CBS Chicago uncovered the 2013 incident in which the Rev. Catherine Brown said she was “treated like an animal.”
BY: ANGELA BRONNER HELM
Posted: May 1, 2016
By the end of the night, the woman had had a gun drawn on her, been hit by a police car and pepper-sprayed, and been charged with attempted murder.
A CBS Chicago investigation blew open the heinous case—in which the reporters have squad-car video, 911 calls and complaints against these officers—wide open.
The news outlet reports that three years ago, the Rev. Catherine Brown was driving down her alley heading to her driveway. She says that she saw a squad car speeding toward her without lights or sirens, so she blew her horn because she thought the police might hit her.
She said that Officer Michelle Morsi Murphy and Officer Jose Lopez were blocking her driveway, and Murphy jumped out of the squad car cursing and ordered her to move her civilian vehicle … from in front of her own home.
“It startled me,” Brown said to CBS. “I reached for my license … the other officer takes the gun and points it at the front of my head.”
The outlet reports that Brown called 911 repeatedly.

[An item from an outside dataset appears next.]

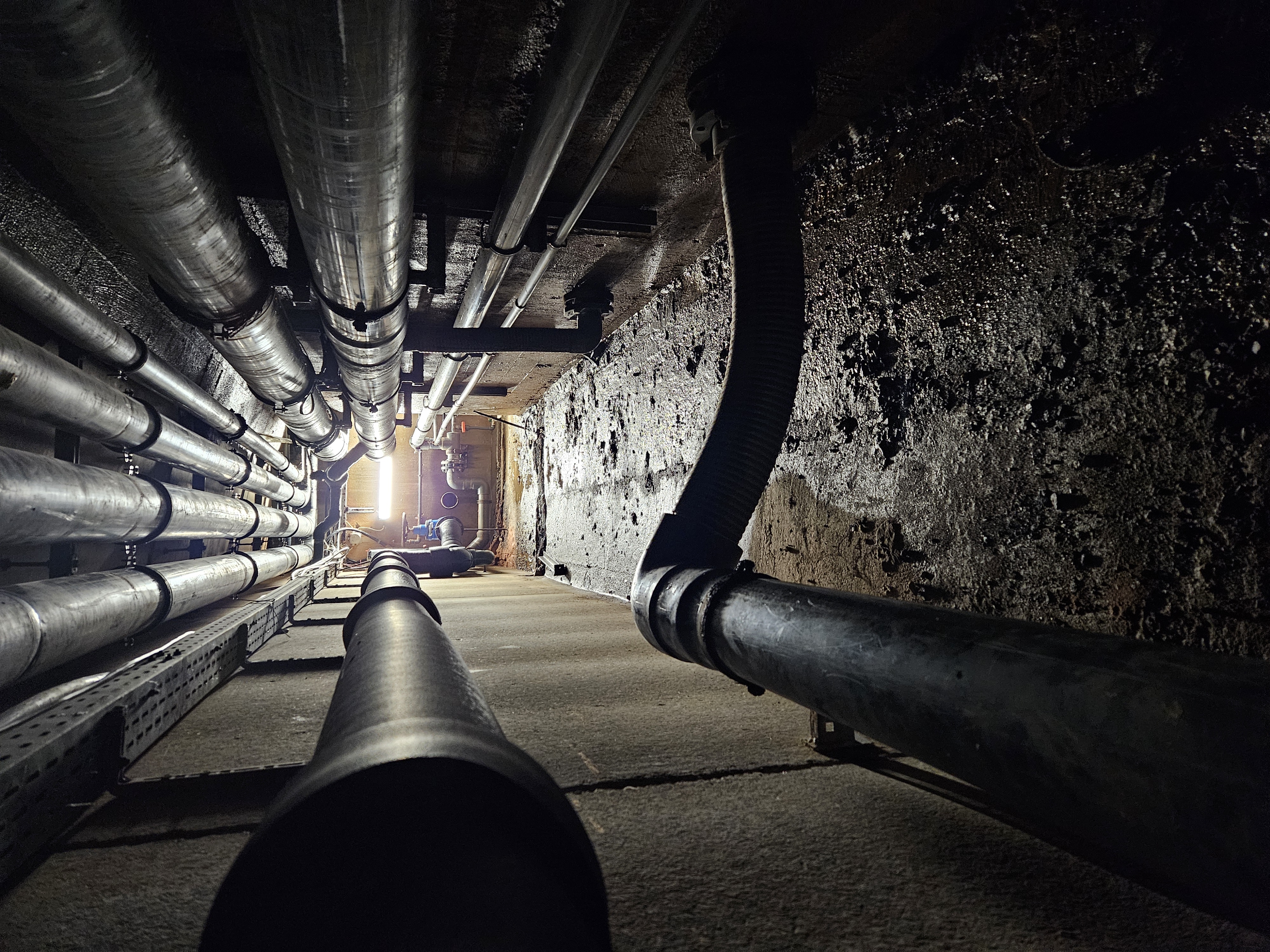 Das Schwimmerbecken ist mit einem Gang, durch den sämtliche Rohre laufen, mit den Technikräumen verbunden. Dieser Gang umläuft das Becken komplett. Wer sich also nicht vor engen Räumen und niedrigen Decken scheut, kann das Schwimmerbecken auf diesem Weg vollständig umrunden. Die dicken Rohre führen das Rohwasser des Schwimmerbeckens zur Aufbereitung und das Reinwasser zurück. Die anderen Rohre beherbergen sämtliche anderen Leitungen und führen u.a. auch ins Haupthaus des Bades mit Trinkwasser, Heizung, Strom, Internet etc.. © Stadt Kaiserslautern

Those tapes reveal that she felt threatened and in danger. She repeatedly asked for a lieutenant and police to come and help. Her daughters’ screams can be heard on the calls.
Brown said that the officers forced her door open. Terrified, she drove backward out of the alley.

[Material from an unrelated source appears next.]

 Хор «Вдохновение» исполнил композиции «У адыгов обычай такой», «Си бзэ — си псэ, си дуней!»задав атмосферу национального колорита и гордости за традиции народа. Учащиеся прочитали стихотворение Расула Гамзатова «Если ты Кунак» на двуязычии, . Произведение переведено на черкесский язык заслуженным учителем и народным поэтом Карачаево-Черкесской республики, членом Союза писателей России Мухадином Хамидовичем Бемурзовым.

“Now she’s chasing me with the car. I come to a complete stop, and then she takes the car and rams it into me,” Brown says of the officer who hit her car with her children in it.
Morsi Murphy then pepper-sprays her, and the spray hits her baby, too. Lopez reportedly laughs. Then Morsi Murphy gets on top of a parked car and draws her gun and points it at Brown. Another officer strikes the car with a metal wand. Brown is taken down and dragged from the car.
Brown was then, incredibly, charged with attempted murder because Morsi Murphy claimed that Brown had dragged her. Brown was acquitted, but she was convicted of reckless conduct, a misdemeanor, for driving in reverse. She is appealing the conviction.
A Chicago Police Department spokesperson declined to discuss the case, citing pending litigation.